-- WHAT YOU ARE ASKED TO DO --
There are pictures in the records below; leave them out and set down exactly the lines from the one holding "1) Newton's First" through the one holding "Peach Lace Up".

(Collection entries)
============================================================
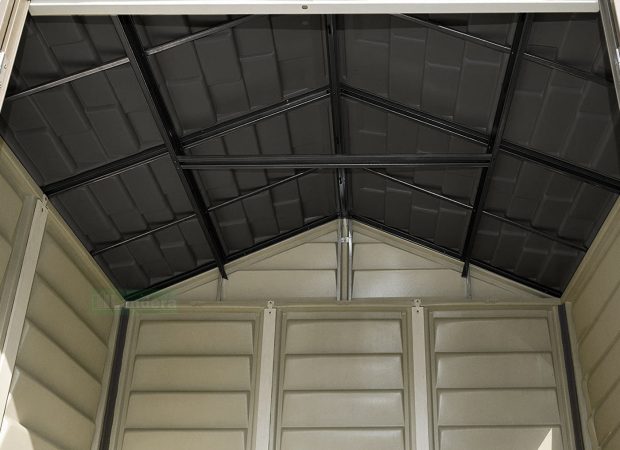 The DURAMAX YARDMATE PLUS 5×8 is built to last with a tough, all-weather, durable structure. The wall columns are reinforced with steel which allows you to easily mount shelves or garden tools. It has a roomy interior wall height and gabled roof. This functional backyard shed comes with wide double doors that are large enough to give you full use of the storage volume. The YardMate series features a 5′ wide format that’s ideal for smaller yards or patios. This shed features a complete reinforced vinyl floor that eliminates the need for building a foundation. Ready to assemble with pre-made materials. Buy DURAMAX YARDMATE PLUS 5’x8′ SHED Online.
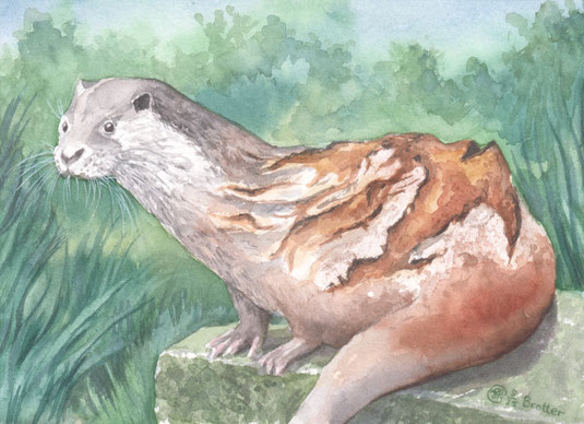 Backwaren habe ich vor Jahren schon einmal aquarelliert, einen Otter aber noch nie. Und schon gar nicht in dieser wilden Kombination. :-) Jedenfalls hat es sehr viel Spaß gemacht und der kleine Brotter hängt nun in guter Gesellschaft neben dem Muffink an der Wand.
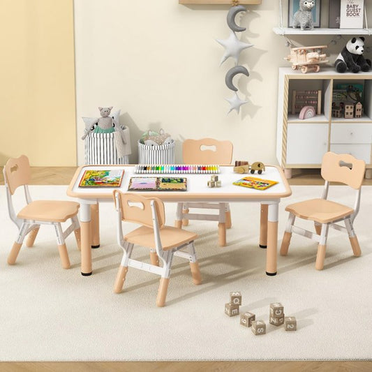 INFANS Kids Table and Chiar Set, Height Adjustable Toddler Desk and 4 Chairs with Graffiti Desktop Non-Slip Legs, Large 47" L x 23.5" W Multi-Activity Art Table for Daycare Classroom Home
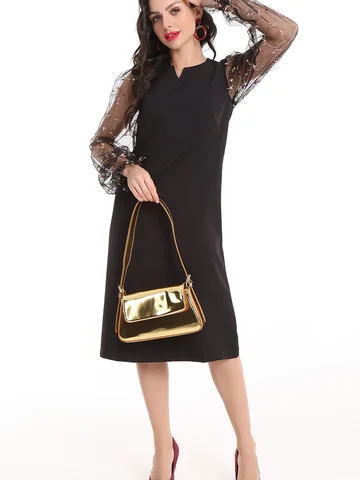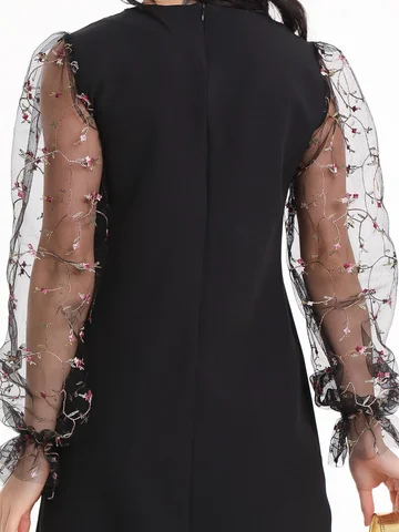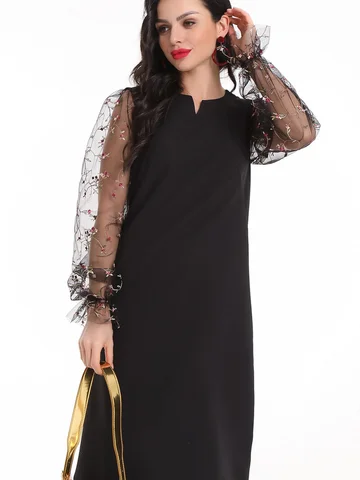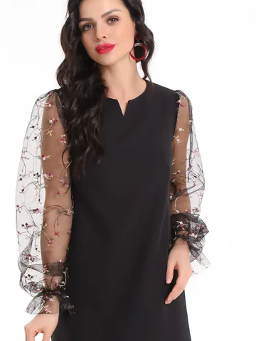 Красивое платье А-силуэта трапеция из костюмной ткани. Горловина переда оформлена фигурным вырезом. Рукава втачные из шифона. В среднем шве спинки застежка на потайную молнию.
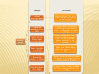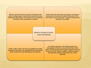 1) Newton's First Law states that objects at rest tend to stay at rest and objects in motion tend to stay in motion with the same speed and in the same direction unless acted upon by an unbalanced force.
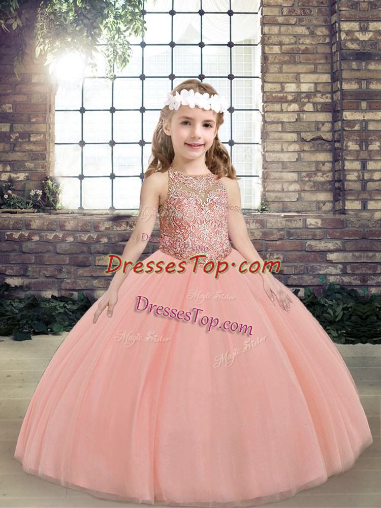 Peach Lace Up Scoop Beading Kids Formal Wear Tulle Sleeveless
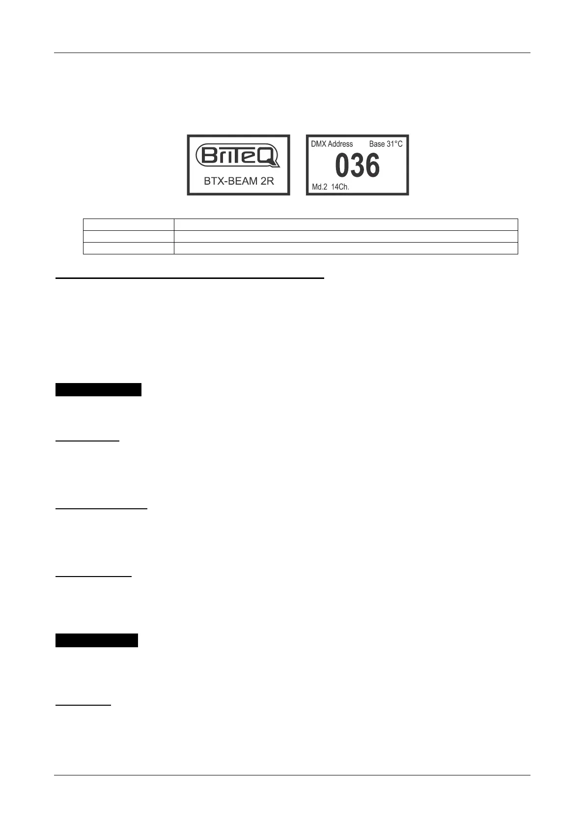 informations sur l'erreur. Après cela, l’unité sera prête pour recevoir le signal DMX et l'affichage standard
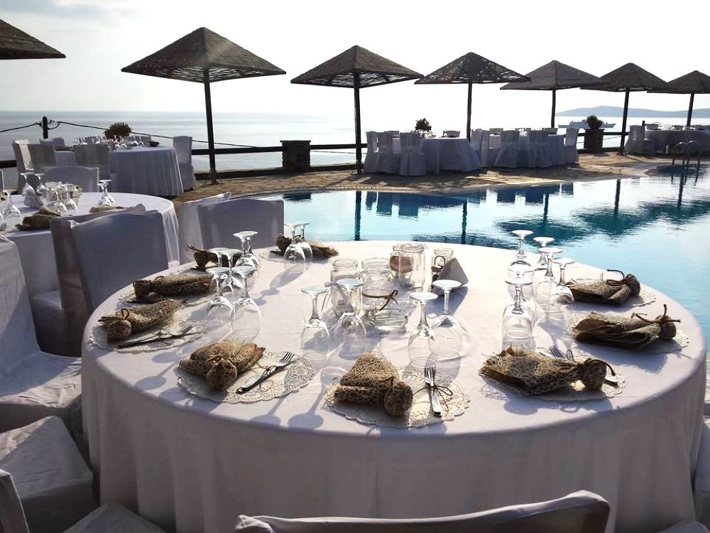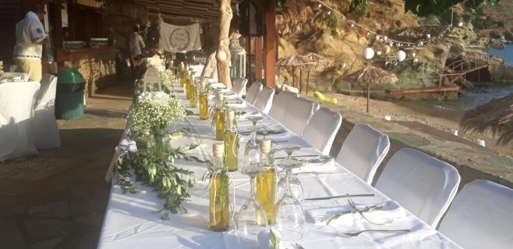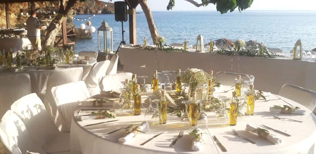 The venue offers flexible layouts for weddings and private events,  from casual seaside dinners to fully styled receptions with decorated tables, lighting and custom details. Couples can host their welcome party, wedding dinner or day-after brunch in one setting, always surrounded by captivating sea views.
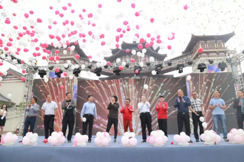 随后,诸位嘉宾、领导纷纷上台,一同按下启动按钮,千只气球迎风飘向天空,标志着第二届茗酒坊购物节正式启动!
============================================================
-- ANSWER TO THE EXERCISE --
 1) Newton's First Law states that objects at rest tend to stay at rest and objects in motion tend to stay in motion with the same speed and in the same direction unless acted upon by an unbalanced force.
 Peach Lace Up Scoop Beading Kids Formal Wear Tulle Sleeveless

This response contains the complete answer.